Although agronomic management options are diverse, such as no tillage, rotation tillage, their aims are all unanimous, to increase yield by regulating all positive abiotic and biotic factors to meet crop demands[1]. Among these management options, manipulating row configuration (inter- and intra-row spacing, i.e. the distance between rows, and the distance between the plants in a row, respectively) to alter crop spatial arrangement is feasible, whose objective is to get more solar radiation and alleviate soil nutrient competition among crops etc[2]. However, the controversy over the optimum row spacing has been ongoing for many decades because the evaluation on row spacing depend upon local growth environment and management factors[3]. From an ecological perspective, rational row spacing is expected to increase radiation interception (RI, intercepted by the canopy, directly linked to net photosynthetic production) and to maximize ecosystem function because available light, water and nutrients are optimally allocated[4]. Compared with equidistant-row (ER), non-equidistant-row (NR) arrangement is characterized by higher leaf area index and radiation use efficiency[5]. The NR has been proposed as an alternative practice in order to alleviate crop crowding stress, decrease plant-to-plant competition and increase light penetration to lower plant leaves[6]. NR can also improve nitrogen use efficiency via increasing plant nitrogen uptake[7]. Furthermore, variation in row spacing would alter the spatiotemporal distributions of root length density and root mass, and therefore affect soil pore and aggregate formation which are all important for crops to acquire soil nutrients[7-11]. As mentioned above, many studies on the effect of row spacing on crop, light radiation use efficiency and soil nutrient and structure are well conducted, yet the effect of row spacing on soil biota communities remains unclear.

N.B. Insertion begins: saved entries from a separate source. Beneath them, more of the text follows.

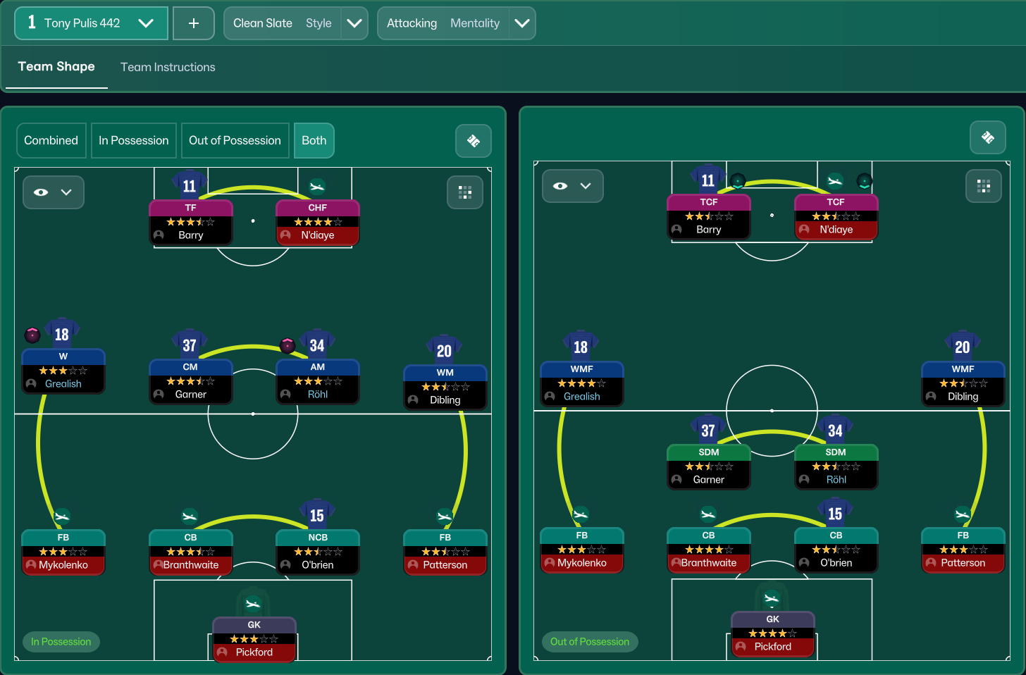The game plan is simple. After the initial press (disrupting GK distribution), we fall back to a low block and press hard once they reach our defensive third. In possession, we go direct by lumping it to the strikers or getting it to the wide players and hope they can create some magic.
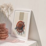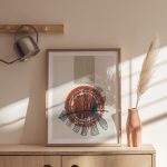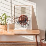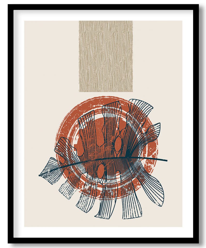 Framed Art | Terracotta spheroid abstract line drawing leaf | 50+ Frame Styles • Museum Quality • Made in India
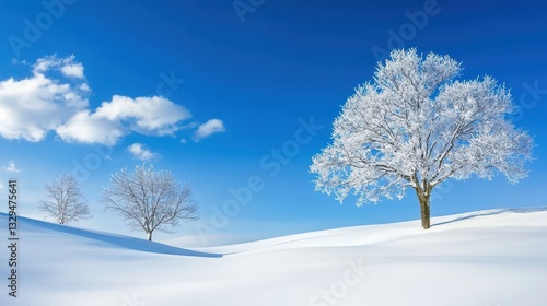 Winter Landscape With Snow Covered Trees And Blue Sky
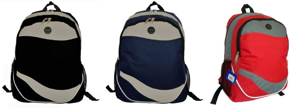 Features: Large zippered main compartment, front pouch organizer, mesh side pockets, padded adjustable shoulder straps
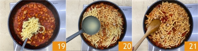 Escurra las busiate muy al dente y transfiéralas a la sartén con el condimento 19. Termine de cocinar la pasta ayudándose con un cucharón de su agua de cocción 20, mezclando bien para amalgamar todo 21.
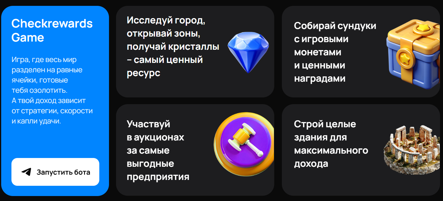 Суть игры заключается в том, что пользователь CheckRewards bot выполняет специальные задания, прокачивает своего персонажа и улучшает город, открывая на карте новые предприятия. Самый ценный ресурс – это кристаллы. Также можно собирать сундуки с игровыми монетками и ценными наградами.
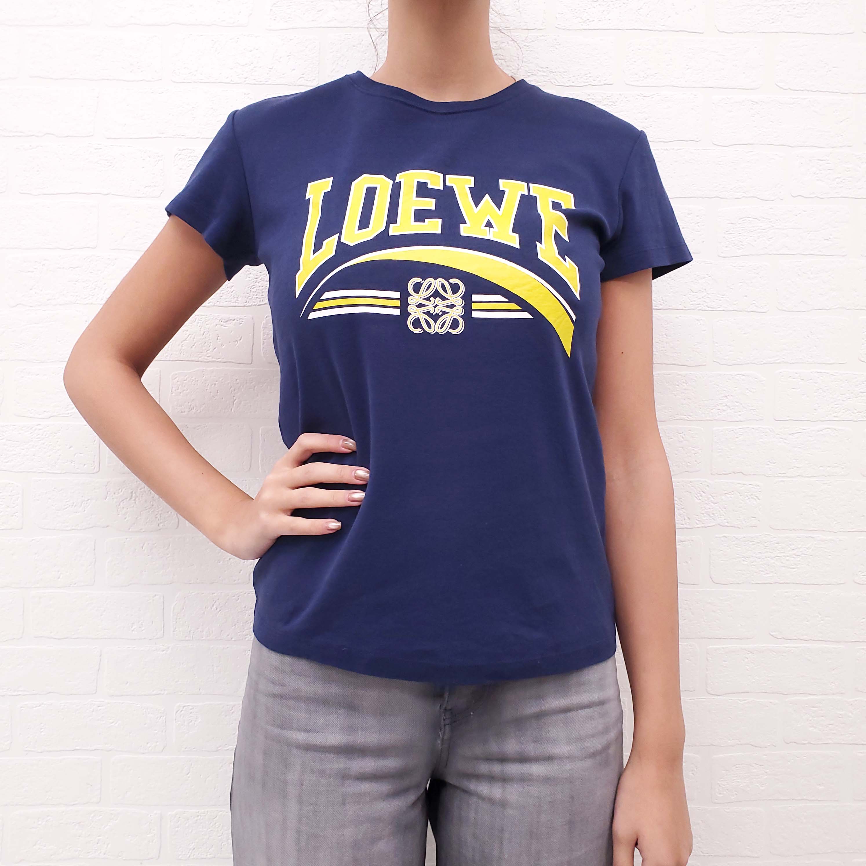 LOEWE NAVY AND YELLOW LOGO T-SHIRT - SIZE XS

Ecosystem functions such as soil organic matter decomposition and nutrient cycling, are mainly dependent on soil biota, which are critical for crop nutrient uptake in agroecosystems[12]. Microbes as the important soil biota secrete enzymes in the soil thus, to some extent, soil enzymes are good surrogates of microbial activity and have been used as indicators of microbial nutrient demand[13]. As a critical fauna of the soil food web, nematode affects ecosystem functions by grazing certain microbes and then altering microbial community composition and distribution, and ultimately changing soil nutrient turnover such as carbon, nitrogen and phosphorus mineralization[14]. Thus, the nematode community composition and diversity can either positively or negatively affect ecosystem functions. Additionally, spatial scale is one of the important factors for studying soil ecosystem functioning. Besides row spacing as small spatial scale, soil aggregates as micro-scale also affect soil biota community[15]. It is critical to explore the soil biotic community within soil aggregates in order to gain a better understanding of their roles in ecosystem functioning[16]. For example, geometrical characteristics within soil aggregates, such as soil pore volume, shape, connectivity and tortuosity of pathways all have an effect on nematode community composition through affecting their acquisition of microbial food sources[17]. The relatively small pore size of microaggregates (<0.25 mm) makes them inaccessible to larger-sized nematodes[18], therefore protects microbes living inside from their predators.

However, less is known about the effect on soil biota, especially nematodes and the corresponding multifunctionality at small spatial scale (row spacing) and micro-scale within aggregates. Therefore, we analyze the effects of row spacing on soil nematode community composition and ecosystem multifunctionality at an aggregate scale in a field experiment to determine the relationship between nematode community composition and ecosystem multifunctionality within soil aggregates. Based on above, we hypothesized that compared with equidistant-row (ER), non-equidistant-row (NR) may improve soil ecosystem multifunctionality, and soil nematode communities vary with different spatial scales (row spaces and aggregates), and their variation will correlate with multifunctionality based on soil indicators.

Results

Soil pH and proportion of soil aggregate fractions

Neither row spacing nor aggregate fraction impacted soil pH (Fig. 1a). Only aggregate fraction but not row spacing effect was significant on the proportion of aggregate fractions (Fig. 1b, P < 0.01). Under all row spacings, the rank of the aggregate fraction proportions from high to low was 0.25–1 mm, >2 mm, 1–2 mm and <0.25 mm.

Figure 1

Effects of row spacing on soil pH (a) and the proportion of different aggregate fractions (b). Error bars indicate standard errors. F and P values from a two-way ANOVA on the effects of row spacing (R) and aggregate fraction (A) and their interactions (R × A) are also presented, significance levels are as follows: *P < 0.05, **P < 0.01, ***P < 0.001. Different uppercase letters on the horizontal line indicate significant differences among aggregate fractions regardless of row spacing at P < 0.05.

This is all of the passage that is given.